#### [ASSIGNED TASK]
Reproduce the listing below in full and exactly; no pictures belong in the copy.

#### [DATA SEGMENT]
--- --- ---
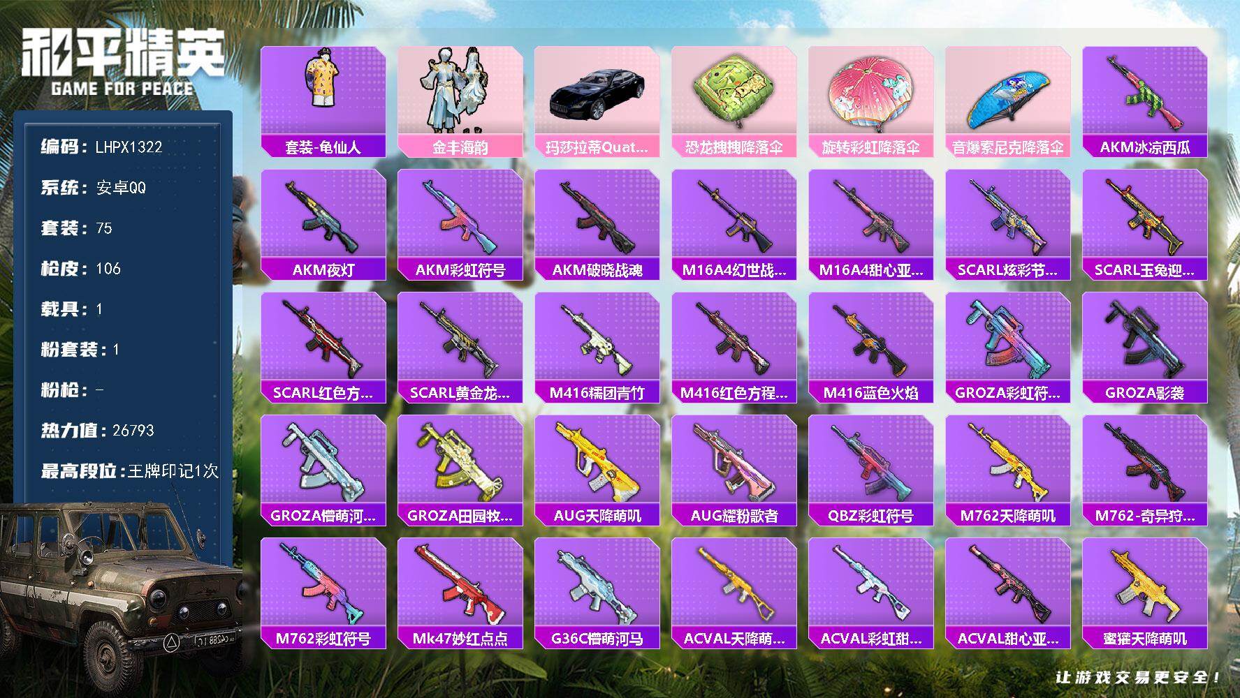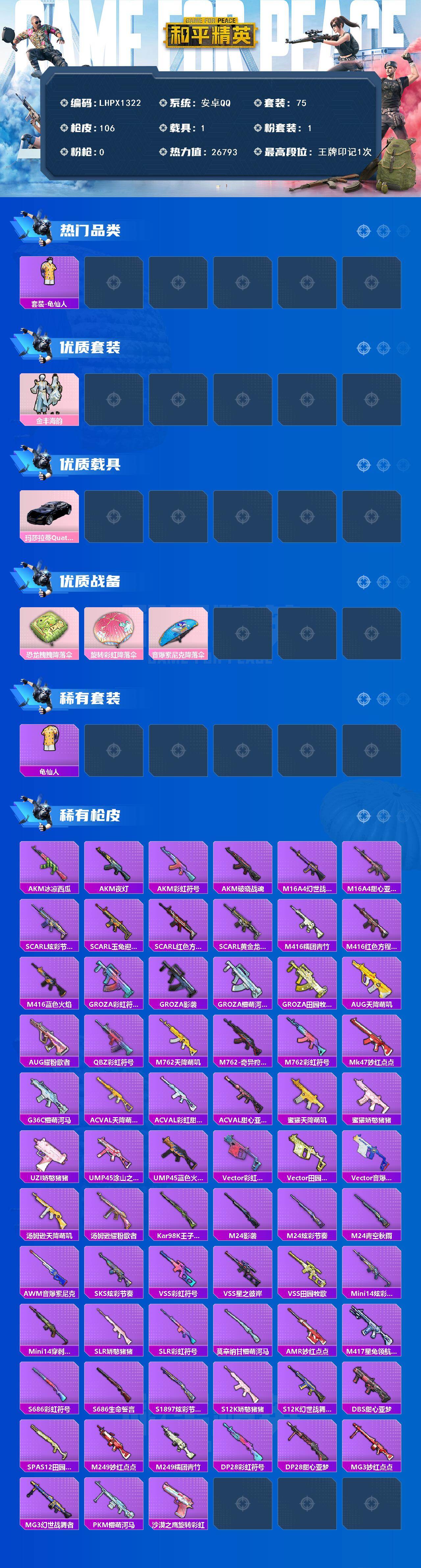 [17434583]可二次【特价出售/店主推荐】安卓 手Q-1粉装-0特效枪-1载具-0粉色飞行器-26793热力值-1王牌印记-75套装-106枪皮 【热门品类】:套装-龟仙人 【粉色套装】:粉装-金丰海韵 【粉色载具】:玛莎拉蒂Quattroporte(夜幕蓝) 【粉色降落伞】:恐龙拽拽降落伞,旋转彩虹降落伞,音爆索尼克降落伞 【稀有套装】:套装-龟仙人 【稀有枪皮】:AKM-冰凉西瓜,AKM-夜灯,AKM-彩虹符号,AKM-破晓战魂,M16A4-幻世战舞者,M16A4-甜心亚梦,SCAR-L-炫彩节奏,SCAR-L-玉兔迎春,SCAR-L-红色方程式,SCAR-L-黄金龙骨,M416-糯团青竹,M416-红色方程式,M416-蓝色火焰,GROZA-彩虹符号,GROZA-影袭,GROZA-懵萌河马,GROZA-田园牧歌,AUG-天降萌叽,AUG-耀粉歌者,QBZ-彩虹符号,M762-天降萌叽,M762-奇异狩猎者,M762-彩虹符号,Mk47-妙红点点,G36C-懵萌河马,AC-VAL-天降萌叽,AC-VAL-彩虹甜喵,AC-VAL-甜心亚梦,蜜獾-天降萌叽,蜜獾-娇憨猪猪,UZI-娇憨猪猪,UMP45-涂山之恋,UMP45-蓝色火焰,Vector-彩虹符号,Vector-田园牧歌,Vector-音爆索尼克,汤姆逊-天降萌叽,汤姆逊-耀粉歌者,Kar98K-王子的夏天,M24-影袭,M24-炫彩节奏,M24-青空秋雨,AWM-音爆索尼克,SKS-炫彩节奏,VSS-彩虹符号,VSS-星之彼岸,VSS-田园牧歌,Mini14-炫彩节奏,Mini14-穿刺龙虾,SLR-娇憨猪猪,SLR-彩虹符号,莫辛纳甘-懵萌河马,AMR-妙红点点,M417-星兔领航员,S686-彩虹符号,S686-生命誓言,S1897-炫彩节奏,S12K-娇憨猪猪,S12K-幻世战舞者,DBS-甜心亚梦,SPAS-12-田园牧歌,M249-妙红点点,M249-糯团青竹,DP-28-彩虹符号,DP-28-甜心亚梦,MG3-妙红点点,MG3-幻世战舞者,PKM-懵萌河马,沙漠之鹰-旋转彩虹 【其他套装】:套装-SS19特训,套装-SS20特训,套装-SS21特训,套装-SS22特训,套装-SS23特训,套装-SS24特训,套装-SS29特训,套装-光之冒险,套装-冷焰舞者,套装-幻世战舞者,套装-幻影武者,套装-战地督
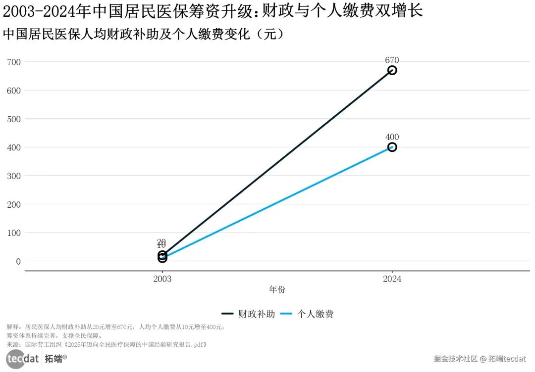 2003年中国居民医保刚起步时,筹资端(财政+个人)能力弱:人均财政补助仅20元(政府投入),个人缴费10元(参保端负担),导致保障端水平有限。随着政策推动(2016年城乡医保整合、2024年参保长效机制),筹资产业链持续完善,2024年形成“财政为主、个人为辅”的稳定模式。此处插入图表2-2(折线图):图表2-2显示筹资端增长:2024年中国居民医保人均财政补助670元(政府端),人均个人缴费400元(参保端),较2003年分别增长32.5倍、39倍。3秒解读:筹资规模翻倍支撑医保产业链可持续,财政仍是核心驱动力;行动建议:地方财政部门可结合本地GDP增速(2024年全国GDP增速5.2%),制定2025年财政补助增长计划(建议增速不低于5%),同时联合社区(经办端)开展“参保宣传周”,提升居民缴费积极性(避免断保影响覆盖端)。中国居民医保人均财政补助及个人缴费变化(元)图表数据及PDF模板已分享到会员群。为帮助医保产业链从业者(政策制定、经办、咨询)落地,交流群内提供《2025年居民医保参保扩面操作手册》(含经办流程)及中外医保政策对比表(含刚果预算执行优化建议),可进群领取。
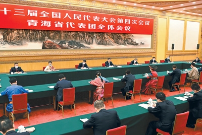 3月7日,中共中央總書記、國家主席、中央軍委主席習(xí)近平參加十三屆全國人大四次會議青海代表團(tuán)的審議。新華社記者 李濤攝
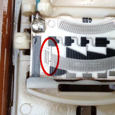 Не впечатлило. Степень износа та же. Целостность левой вертикальной широкой металлизированной дорожки нарушена. Как раз от неё зависит работоспособность первой четверти диапазона ДУТ. ( }{olodok бы сказал: }{ на }{ менять - только время терять. )
--- --- ---
#### [RESULT FOR THIS EXERCISE]
 [17434583]可二次【特价出售/店主推荐】安卓 手Q-1粉装-0特效枪-1载具-0粉色飞行器-26793热力值-1王牌印记-75套装-106枪皮 【热门品类】:套装-龟仙人 【粉色套装】:粉装-金丰海韵 【粉色载具】:玛莎拉蒂Quattroporte(夜幕蓝) 【粉色降落伞】:恐龙拽拽降落伞,旋转彩虹降落伞,音爆索尼克降落伞 【稀有套装】:套装-龟仙人 【稀有枪皮】:AKM-冰凉西瓜,AKM-夜灯,AKM-彩虹符号,AKM-破晓战魂,M16A4-幻世战舞者,M16A4-甜心亚梦,SCAR-L-炫彩节奏,SCAR-L-玉兔迎春,SCAR-L-红色方程式,SCAR-L-黄金龙骨,M416-糯团青竹,M416-红色方程式,M416-蓝色火焰,GROZA-彩虹符号,GROZA-影袭,GROZA-懵萌河马,GROZA-田园牧歌,AUG-天降萌叽,AUG-耀粉歌者,QBZ-彩虹符号,M762-天降萌叽,M762-奇异狩猎者,M762-彩虹符号,Mk47-妙红点点,G36C-懵萌河马,AC-VAL-天降萌叽,AC-VAL-彩虹甜喵,AC-VAL-甜心亚梦,蜜獾-天降萌叽,蜜獾-娇憨猪猪,UZI-娇憨猪猪,UMP45-涂山之恋,UMP45-蓝色火焰,Vector-彩虹符号,Vector-田园牧歌,Vector-音爆索尼克,汤姆逊-天降萌叽,汤姆逊-耀粉歌者,Kar98K-王子的夏天,M24-影袭,M24-炫彩节奏,M24-青空秋雨,AWM-音爆索尼克,SKS-炫彩节奏,VSS-彩虹符号,VSS-星之彼岸,VSS-田园牧歌,Mini14-炫彩节奏,Mini14-穿刺龙虾,SLR-娇憨猪猪,SLR-彩虹符号,莫辛纳甘-懵萌河马,AMR-妙红点点,M417-星兔领航员,S686-彩虹符号,S686-生命誓言,S1897-炫彩节奏,S12K-娇憨猪猪,S12K-幻世战舞者,DBS-甜心亚梦,SPAS-12-田园牧歌,M249-妙红点点,M249-糯团青竹,DP-28-彩虹符号,DP-28-甜心亚梦,MG3-妙红点点,MG3-幻世战舞者,PKM-懵萌河马,沙漠之鹰-旋转彩虹 【其他套装】:套装-SS19特训,套装-SS20特训,套装-SS21特训,套装-SS22特训,套装-SS23特训,套装-SS24特训,套装-SS29特训,套装-光之冒险,套装-冷焰舞者,套装-幻世战舞者,套装-幻影武者,套装-战地督
 2003年中国居民医保刚起步时,筹资端(财政+个人)能力弱:人均财政补助仅20元(政府投入),个人缴费10元(参保端负担),导致保障端水平有限。随着政策推动(2016年城乡医保整合、2024年参保长效机制),筹资产业链持续完善,2024年形成“财政为主、个人为辅”的稳定模式。此处插入图表2-2(折线图):图表2-2显示筹资端增长:2024年中国居民医保人均财政补助670元(政府端),人均个人缴费400元(参保端),较2003年分别增长32.5倍、39倍。3秒解读:筹资规模翻倍支撑医保产业链可持续,财政仍是核心驱动力;行动建议:地方财政部门可结合本地GDP增速(2024年全国GDP增速5.2%),制定2025年财政补助增长计划(建议增速不低于5%),同时联合社区(经办端)开展“参保宣传周”,提升居民缴费积极性(避免断保影响覆盖端)。中国居民医保人均财政补助及个人缴费变化(元)图表数据及PDF模板已分享到会员群。为帮助医保产业链从业者(政策制定、经办、咨询)落地,交流群内提供《2025年居民医保参保扩面操作手册》(含经办流程)及中外医保政策对比表(含刚果预算执行优化建议),可进群领取。
 3月7日,中共中央總書記、國家主席、中央軍委主席習(xí)近平參加十三屆全國人大四次會議青海代表團(tuán)的審議。新華社記者 李濤攝
 Не впечатлило. Степень износа та же. Целостность левой вертикальной широкой металлизированной дорожки нарушена. Как раз от неё зависит работоспособность первой четверти диапазона ДУТ. ( }{olodok бы сказал: }{ на }{ менять - только время терять. )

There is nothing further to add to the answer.